War bows could kill light infantry easily. Leather. Mail. Gaps in armor. No question there. But against a fully armored knight? Plate on plate? Even the strongest draw struggled. Angles mattered. Distance mattered. Luck mattered.

What if, he wondered, arrowheads were shaped differently?

Not narrow bodkins alone. Flat, heavier heads—designed not to pierce but to deliver force. Blunt trauma. Concussive shock. 

Modern ballistics had long since answered that question in his old world.

His brow furrowed slightly.

And if not the knight—then the horse.

That was the truth most people preferred to forget.

Heavy cavalry lived and died by the animal beneath them. A fallen horse meant broken legs, ribs, crushed armor, chaos. Archers aiming for mounts rather than men could shatter a charge before it ever reached the line.

The thought carried him further—toward horse archers.

Mobile. Relentless. Terrifying in open terrain. The most terrifying military systems in history were not built around brute force, but mobility and exhaustion. Armies that never committed until their enemy was already broken. 

Empires had risen and fallen beneath their arrows. Rome had learned it. Persia. China. The Mongols. Even the Arab armies. Almost every great power had learned to fear them eventually.

When we return to Redhaven, he thought, I should speak to Father. And Caelan.

The idea settled quietly, not urgent—just inevitable.

He reached back for another arrow.

His fingers found nothing.

Alaric blinked and looked down.

The quiver was empty.

A voice spoke from behind him.

"You're too focused, my lord."

Alaric turned.

Marcus stood a short distance away, his sword sheathed. The soldiers were gone now, drifting toward the racks, laughter low and tired, sparring finished.

"How long?" Alaric asked.

"Long enough," Marcus replied. "Your last three shots would've embarrassed half my archers."

Alaric huffed softly. "They weren't watching form."

"They were watching results."

Marcus stepped closer, glancing at the target. "Dead eye. Again."

Alaric set the bow down carefully. "Training well?"

"They're alive," Marcus said. "That's my measure."

They stood in silence for a moment, the sounds of the yard fading into background noise.
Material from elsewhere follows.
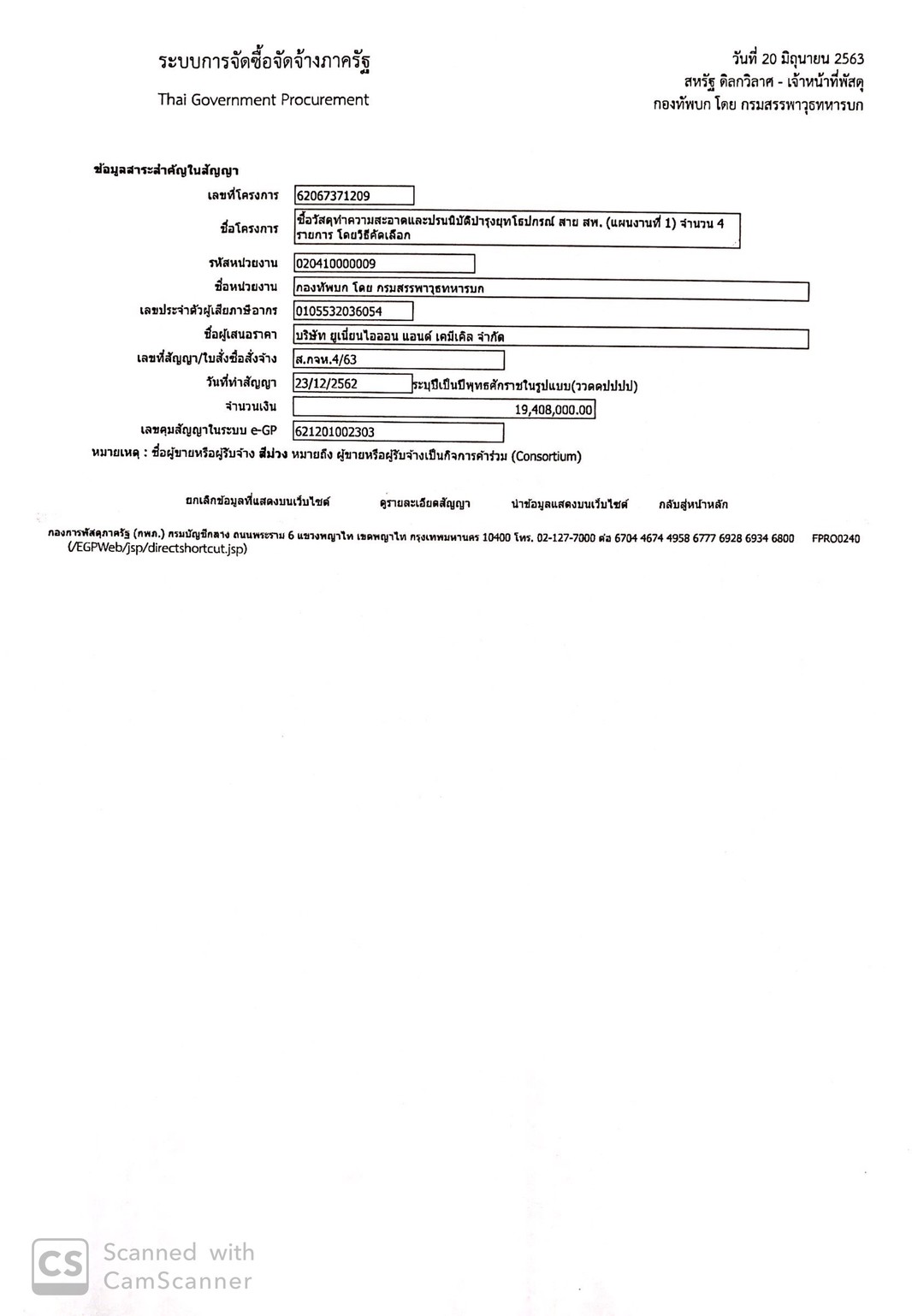 กองทัพบกโดยกรมสรรพาวุธทหารบก ขอประกาศเผยแพร่สาระสำคัญของสัญญาหรือข้อตกลงที่ได้ลงนามแล้วตามเอกสารที่แนบท้ายประกาศนี้
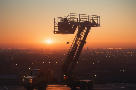 high long industrial crane arm with cradle on dark blue sky with clouds. abstract magic light concept

Then Marcus spoke again, quieter.

"There's something else."

Alaric looked at him.

Marcus's gaze drifted briefly toward the stone walls surrounding the training ground—toward the towers, the walkways, the places where guards stood too still.

"We've been watched," Marcus said. "Closely."

Alaric did not react outwardly. "Since when?"

"Since before the council," Marcus replied. "But tighter now. Routines noticed. Movements counted. Men who don't wear uniforms but walk like soldiers."

Alaric nodded slowly. "Sanctum?"

"Not openly," Marcus said. "Could be the court. Could be both."

"And your feeling?"

Marcus's jaw tightened. "I don't like it."

Alaric met his eyes. "Because it's dangerous?"

"No," Marcus said. "Because it's patient."

That earned a brief, thoughtful silence.

"They're not looking for mistakes," Marcus went on. "They're waiting for certainty."

Alaric folded his hands behind his back. "Certainty of what?"

"That you matter."

Alaric exhaled through his nose. "I stood still in a room and spoke one sentence."

Marcus gave a thin smile. "In the capital, that's plenty."

Before Alaric could reply, footsteps approached.

A guard entered the training ground at a brisk pace and bowed.

"My lord," he said, "Duke Reinhardt requests your presence."

Alaric straightened. "Now?"

"Yes, my lord."

Alaric glanced once more at the target, the clustered arrows near its center.

"Very well," he said.

He wiped his hands, rinsed his face at the basin near the wall, and exchanged his training tunic for clean clothes. The bow was returned to its rack with care.

As he followed the guard toward the keep, Alaric felt it again—that subtle pressure, like a shift in the air before a storm.

Whatever Marcus sensed…

He felt it too.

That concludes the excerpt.